Mrs. Snow enlightened him. "You sit right down now, Albert," she said.

"Sit right down and listen because I've got somethin' to tell you. Yes, and somethin' to show you, too. Here! Stop now, Zelotes! You can't run away. You've got to sit down and look on and listen, too."

Captain Zelotes smiled resignedly. There was, or so it seemed to his grandson, an odd expression on his face. He looked pleased, but not altogether pleased. However, he obeyed his wife's orders and sat.

"Stop, look and listen," he observed. "Mother, you sound like a railroad crossin'. All right, here I am. Al, the society of 'What did I tell you'

is goin' to have a meetin'."

His wife nodded. "Well," she said, triumphantly, "what DID I tell you?

Wasn't I right?"

The captain pulled his beard and nodded.

"Right as right could be, Mother," he admitted. "Your figgers was a few hundred thousand out of the way, maybe, but barrin' that you was perfectly right."

"Well, I'm glad to hear you say so for once in your life. Albert,"

holding up the envelope, "do you know what this is?"

Albert, much puzzled, admitted that he did not. His grandmother put down the book, opened the envelope and took from it a slip of paper.

"And can you guess what THIS is?" she asked.
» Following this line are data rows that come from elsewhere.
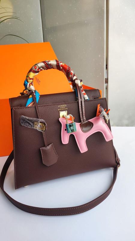 Сумка в шоколадном цвете в стиле келлы, 24 см
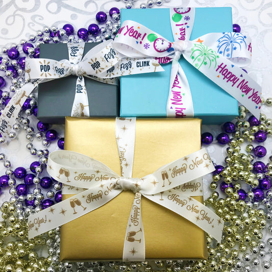 Happy New Year Ribbon in gold with Champagne glasses on 5/8" Antique white Single Face Satin ribbon
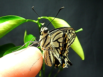 まだ、よく飛べないうちは、「手のりアゲハ」なんて、
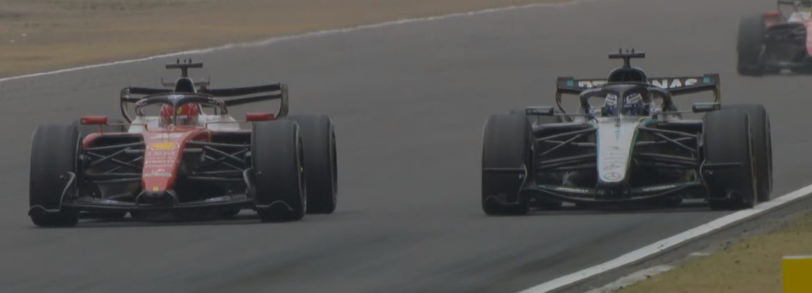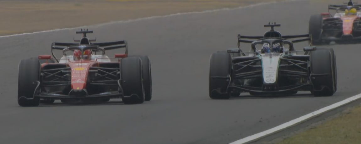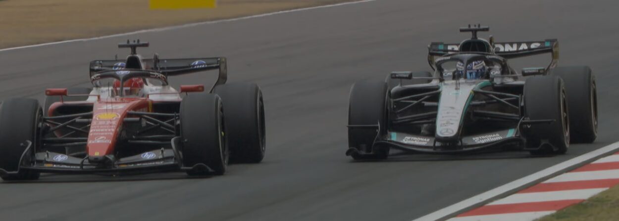 In questo primo screen sia la Ferrari di Leclerc che la Mercedes di Russell sono configurate in “Straight Mode”. Su entrambe le vetture, sia l’ala anteriore che la posteriore sono abbassate per favorire l’efficienza sul dritto.
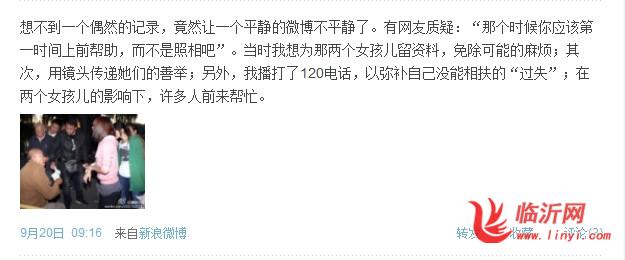 @鹰瞰世界:想不到一个偶然的记录,竟然让一个平静的微博不平静了。有网友质疑:“那个时候你应该第一时间上前帮助,而不是拍照吧”。当时我想为那两个女儿留资料,免除可呢过的麻烦;其次,用镜头传递她们的善举;另外,我拨打了120电话,以弥补自己没能相扶的“过失”;在两个女孩儿的影响下,许多人前来帮忙。
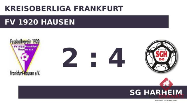 Auf die vermeintliche Siegerstraße brachte Mustafa Ilhan sein Team in der 15. Minute. Den Freudenjubel des FV 1920 Hausen machte Nico Wetzel zunichte, als er kurz darauf den Ausgleich besorgte (20.). Zum Seitenwechsel hatte keine Mannschaft die Oberhand gewonnen. Unentschieden lautete der Zwischenstand. In Durchgang zwei lief Sasha Sabic anstelle von Ilhan für den FV 1920 Hausen auf. Daniel Stumpp witterte seine Chance und schoss den Ball zum 2:1 für die SG Harheim ein (51.). In der 66. Minute verwandelte Ante Paradzik einen Elfmeter zum 3:1 für den Gast. Sina Shakouri, der für Shion Tsuji in die Partie kam, sollte die Offensive des FV 1920 Hausen beleben (66.). Durch einen Elfmeter von Shakouri kam der FVH noch einmal ran (70.). In der 75. Minute brachte Jonas Kaulich das Netz für die SG Harheim zum Zappeln. Am Schluss schlug die SG Harheim den FV 1920 Hausen mit 4:2.
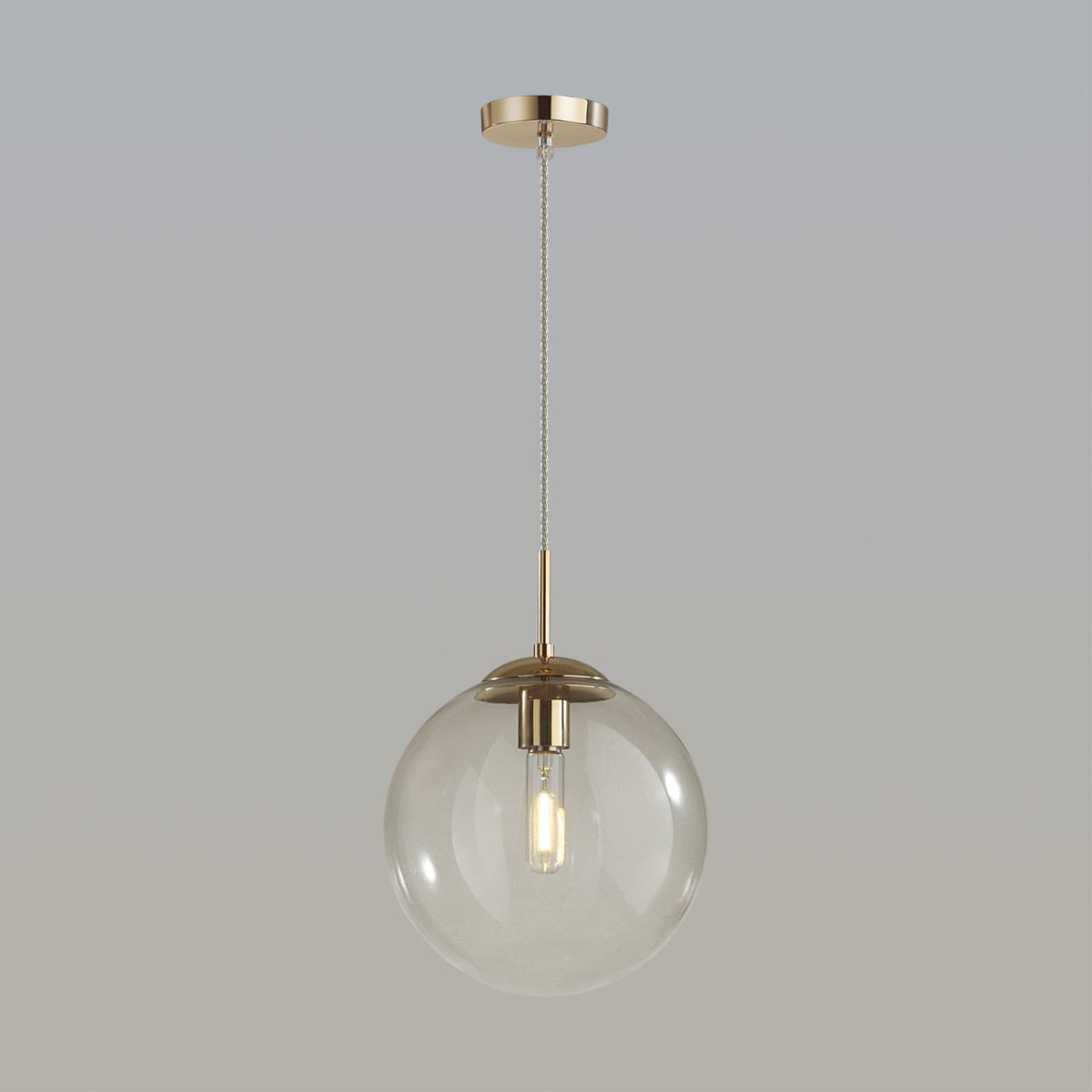Светильник выполнен в форме стеклянного прозрачного шара диаметром 250 мм, что делает его универсальным элементом для различных интерьерных решений. Глянцевая золотая арматура из качественного металла придает изделию роскошный вид и становится акцентной деталью в помещении. Прозрачный плафон из стекла создает красивую игру света, наполняя пространство мягким сиянием.
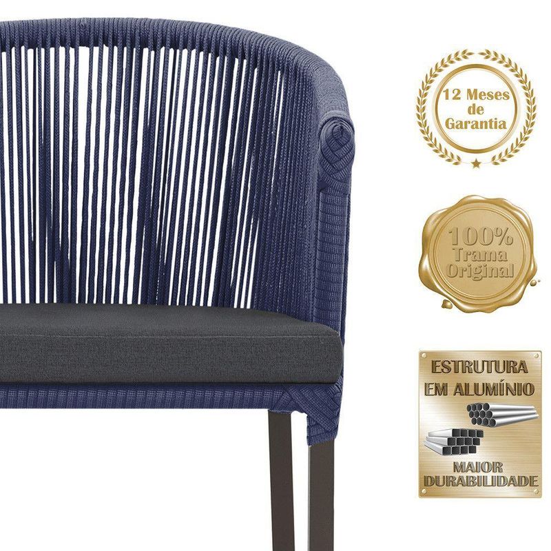 Descubra a Elegancia e Durabilidade da Cadeira Noronha. Combinando estilo e resistencia, esta cadeira traz o melhor do design contemporaneo em aluminio com micro pintura e acabamento em corda nautica. O estofado impermeavel completa o conforto e a funcionalidade, tornando-a ideal para ambientes externos e internos. Qualidade e elegancia que transformam qualquer espaco. Adicione um toque de sofisticacao e conforto ao seu espaco com a cadeira Noronha.
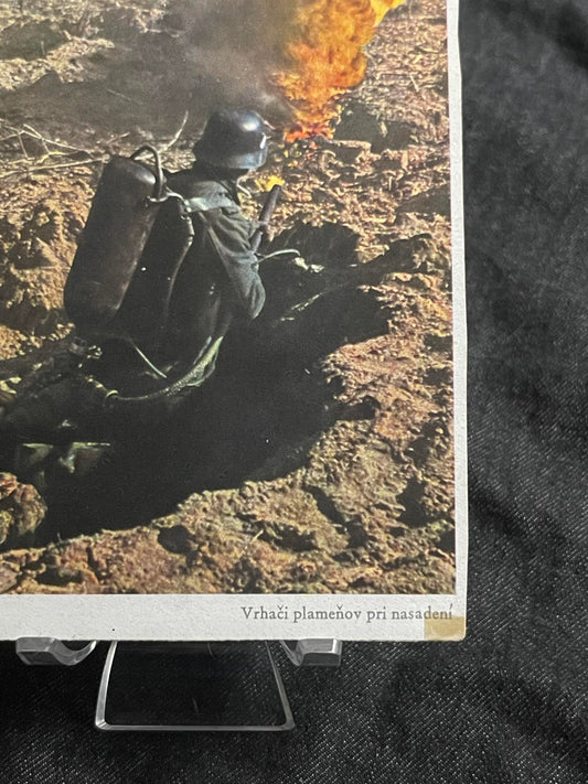 GERMAN WW2 FLAMETHROWER SOLDIER POSTCARD CZECHOSLOVAKIAN VERSION

Albert could not guess.

"It's a check, that's what it is. It's the first six months' royalties, that's what they call 'em, on that beautiful book of yours. And how much do you suppose 'tis?"
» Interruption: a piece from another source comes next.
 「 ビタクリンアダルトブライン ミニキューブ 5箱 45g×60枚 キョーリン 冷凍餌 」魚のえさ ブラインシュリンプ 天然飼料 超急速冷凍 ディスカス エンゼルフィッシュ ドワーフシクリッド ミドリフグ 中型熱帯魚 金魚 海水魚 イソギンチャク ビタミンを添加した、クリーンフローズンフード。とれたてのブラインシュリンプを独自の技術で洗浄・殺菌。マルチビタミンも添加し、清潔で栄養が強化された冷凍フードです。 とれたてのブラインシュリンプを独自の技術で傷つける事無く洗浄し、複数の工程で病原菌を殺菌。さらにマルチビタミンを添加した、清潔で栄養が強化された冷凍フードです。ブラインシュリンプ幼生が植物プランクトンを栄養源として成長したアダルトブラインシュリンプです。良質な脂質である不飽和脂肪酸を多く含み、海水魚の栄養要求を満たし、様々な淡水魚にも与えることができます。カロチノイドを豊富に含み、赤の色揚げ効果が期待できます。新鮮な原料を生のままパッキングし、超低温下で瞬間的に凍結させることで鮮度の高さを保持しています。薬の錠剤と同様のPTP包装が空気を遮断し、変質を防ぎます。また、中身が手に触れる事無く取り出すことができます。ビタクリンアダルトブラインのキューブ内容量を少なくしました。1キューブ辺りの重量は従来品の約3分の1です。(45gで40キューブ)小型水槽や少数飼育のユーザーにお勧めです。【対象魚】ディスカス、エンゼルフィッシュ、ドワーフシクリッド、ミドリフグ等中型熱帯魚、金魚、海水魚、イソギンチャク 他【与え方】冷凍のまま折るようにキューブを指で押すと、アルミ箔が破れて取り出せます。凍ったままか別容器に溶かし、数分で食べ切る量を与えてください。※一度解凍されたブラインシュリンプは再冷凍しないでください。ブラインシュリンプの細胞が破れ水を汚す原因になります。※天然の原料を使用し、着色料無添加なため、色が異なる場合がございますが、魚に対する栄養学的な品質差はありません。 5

Albert shook his head. "Twenty-five dollars?" he suggested jokingly.

"Twenty-five dollars! It's over twenty-five HUNDRED dollars. It's twenty-eight hundred and forty-three dollars and sixty-five cents, that's what it is. Think of it! Almost three thousand dollars! And Zelotes prophesied that 'twouldn't be more than--"

Her husband held up his hand. "Sh-sh! Sh-sh, Mother," he said. "Don't get started on what I prophesied or we won't be through till doomsday.
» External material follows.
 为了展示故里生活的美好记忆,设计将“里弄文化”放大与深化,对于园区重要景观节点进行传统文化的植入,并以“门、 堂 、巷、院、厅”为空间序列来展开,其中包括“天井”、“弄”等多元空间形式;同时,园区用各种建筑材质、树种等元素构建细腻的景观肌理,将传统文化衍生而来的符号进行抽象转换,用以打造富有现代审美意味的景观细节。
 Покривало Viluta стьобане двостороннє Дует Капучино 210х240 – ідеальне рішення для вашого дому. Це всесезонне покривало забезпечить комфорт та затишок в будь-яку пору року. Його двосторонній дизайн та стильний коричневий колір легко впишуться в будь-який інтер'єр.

I'll give in right off that I'm the worst prophet since the feller that h'isted the 'Fair and Dry' signal the day afore Noah's flood begun. You see," he explained, turning to Albert, "your grandma figgered out that you'd probably clear about half a million on that book of poetry, Al. I cal'lated 'twan't likely to be much more'n a couple of hundred thousand, so--"

"Why, Zelotes Snow! You said--"

"Yes, yes. So I did, Mother, so I did. You was right and I was wrong.

Twenty-eight hundred ain't exactly a million, Al, but it's a darn sight more than I ever cal'lated you'd make from that book. Or 'most anybody else ever made from any book, fur's that goes," he added, with a shake of the head. "I declare, I--I don't understand it yet. And a poetry book, too! Who in time BUYS 'em all? Eh?"

Albert was looking at the check and the royalty statement.

"So this is why I couldn't get any satisfaction from the publisher," he observed. "I wrote him two or three times about my royalties, and he put me off each time. I began to think there weren't any."

Captain Zelotes smiled. "That's your grandma's doin's," he observed.

"The check came to us a good while ago, when we thought you was--was--well, when we thought--"

"Yes. Surely, I understand," put in Albert, to help him out.

"Yes. That's when 'twas. And Mother, she was so proud of it, because you'd earned it, Al, that she kept it and kept it, showin' it to all hands and--and so on. And then when we found out you wasn't--that you'd be home some time or other--why, then she wouldn't let me put it in the bank for you because she wanted to give it to you herself. That's what she said was the reason. I presume likely the real one was that she wanted to flap it in my face every time she crowed over my bad prophesyin', which was about three times a day and four on Sundays."

"Zelotes Snow, the idea!"

"All right, Mother, all right. Anyhow, she got me to write your publisher man and ask him not to give you any satisfaction about those royalties, so's she could be the fust one to paralyze you with 'em.

And," with a frank outburst, "if you ain't paralyzed, Al, I own up that _I_ am. Three thousand poetry profits beats me. _I_ don't understand it."

His wife sniffed. "Of course you don't," she declared. "But Albert does.

And so do I, only I think it ought to have been ever and ever so much more. Don't you, yourself, Albert?"

The author of The Lances of Dawn was still looking at the statement of its earnings.

"Approximately eighteen thousand sold at fifteen cents royalty," he observed. "Humph! Well, I'll be hanged!"